Given entries section start

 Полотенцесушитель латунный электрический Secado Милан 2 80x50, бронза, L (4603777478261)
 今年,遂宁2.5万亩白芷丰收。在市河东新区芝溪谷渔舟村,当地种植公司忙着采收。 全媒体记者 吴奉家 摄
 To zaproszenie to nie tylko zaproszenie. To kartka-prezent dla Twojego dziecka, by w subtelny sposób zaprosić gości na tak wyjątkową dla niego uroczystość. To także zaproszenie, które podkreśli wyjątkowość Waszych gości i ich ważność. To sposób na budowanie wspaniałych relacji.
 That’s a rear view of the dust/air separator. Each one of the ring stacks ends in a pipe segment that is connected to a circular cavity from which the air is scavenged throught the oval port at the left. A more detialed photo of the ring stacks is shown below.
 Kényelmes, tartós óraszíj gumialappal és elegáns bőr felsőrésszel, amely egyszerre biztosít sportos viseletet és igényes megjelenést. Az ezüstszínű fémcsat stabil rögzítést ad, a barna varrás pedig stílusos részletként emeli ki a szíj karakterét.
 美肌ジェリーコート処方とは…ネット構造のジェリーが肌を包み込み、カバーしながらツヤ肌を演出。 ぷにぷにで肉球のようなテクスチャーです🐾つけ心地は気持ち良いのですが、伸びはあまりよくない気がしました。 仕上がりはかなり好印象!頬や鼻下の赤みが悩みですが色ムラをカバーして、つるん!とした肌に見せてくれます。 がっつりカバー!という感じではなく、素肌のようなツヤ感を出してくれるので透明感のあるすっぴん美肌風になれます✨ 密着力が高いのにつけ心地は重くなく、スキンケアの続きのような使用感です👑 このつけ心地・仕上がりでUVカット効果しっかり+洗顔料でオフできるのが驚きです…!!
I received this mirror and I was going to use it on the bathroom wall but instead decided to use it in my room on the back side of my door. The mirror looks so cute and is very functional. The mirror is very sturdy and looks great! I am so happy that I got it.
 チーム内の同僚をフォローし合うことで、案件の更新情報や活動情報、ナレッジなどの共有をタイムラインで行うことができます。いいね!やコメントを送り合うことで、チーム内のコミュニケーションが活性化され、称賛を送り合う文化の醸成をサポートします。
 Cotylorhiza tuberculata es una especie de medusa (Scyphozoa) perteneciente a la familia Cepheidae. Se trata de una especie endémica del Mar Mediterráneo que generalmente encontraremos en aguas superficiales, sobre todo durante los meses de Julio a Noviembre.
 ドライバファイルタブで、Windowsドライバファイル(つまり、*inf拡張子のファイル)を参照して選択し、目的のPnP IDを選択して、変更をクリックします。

Given entries section end

▸ **What needs to be done**:
Set down the entries above once more, verbatim.

▸ **Exercise answer**:
 Полотенцесушитель латунный электрический Secado Милан 2 80x50, бронза, L (4603777478261)
 今年,遂宁2.5万亩白芷丰收。在市河东新区芝溪谷渔舟村,当地种植公司忙着采收。 全媒体记者 吴奉家 摄
 To zaproszenie to nie tylko zaproszenie. To kartka-prezent dla Twojego dziecka, by w subtelny sposób zaprosić gości na tak wyjątkową dla niego uroczystość. To także zaproszenie, które podkreśli wyjątkowość Waszych gości i ich ważność. To sposób na budowanie wspaniałych relacji.
 That’s a rear view of the dust/air separator. Each one of the ring stacks ends in a pipe segment that is connected to a circular cavity from which the air is scavenged throught the oval port at the left. A more detialed photo of the ring stacks is shown below.
 Kényelmes, tartós óraszíj gumialappal és elegáns bőr felsőrésszel, amely egyszerre biztosít sportos viseletet és igényes megjelenést. Az ezüstszínű fémcsat stabil rögzítést ad, a barna varrás pedig stílusos részletként emeli ki a szíj karakterét.
 美肌ジェリーコート処方とは…ネット構造のジェリーが肌を包み込み、カバーしながらツヤ肌を演出。 ぷにぷにで肉球のようなテクスチャーです🐾つけ心地は気持ち良いのですが、伸びはあまりよくない気がしました。 仕上がりはかなり好印象!頬や鼻下の赤みが悩みですが色ムラをカバーして、つるん!とした肌に見せてくれます。 がっつりカバー!という感じではなく、素肌のようなツヤ感を出してくれるので透明感のあるすっぴん美肌風になれます✨ 密着力が高いのにつけ心地は重くなく、スキンケアの続きのような使用感です👑 このつけ心地・仕上がりでUVカット効果しっかり+洗顔料でオフできるのが驚きです…!!
I received this mirror and I was going to use it on the bathroom wall but instead decided to use it in my room on the back side of my door. The mirror looks so cute and is very functional. The mirror is very sturdy and looks great! I am so happy that I got it.
 チーム内の同僚をフォローし合うことで、案件の更新情報や活動情報、ナレッジなどの共有をタイムラインで行うことができます。いいね!やコメントを送り合うことで、チーム内のコミュニケーションが活性化され、称賛を送り合う文化の醸成をサポートします。
 Cotylorhiza tuberculata es una especie de medusa (Scyphozoa) perteneciente a la familia Cepheidae. Se trata de una especie endémica del Mar Mediterráneo que generalmente encontraremos en aguas superficiales, sobre todo durante los meses de Julio a Noviembre.
 ドライバファイルタブで、Windowsドライバファイル(つまり、*inf拡張子のファイル)を参照して選択し、目的のPnP IDを選択して、変更をクリックします。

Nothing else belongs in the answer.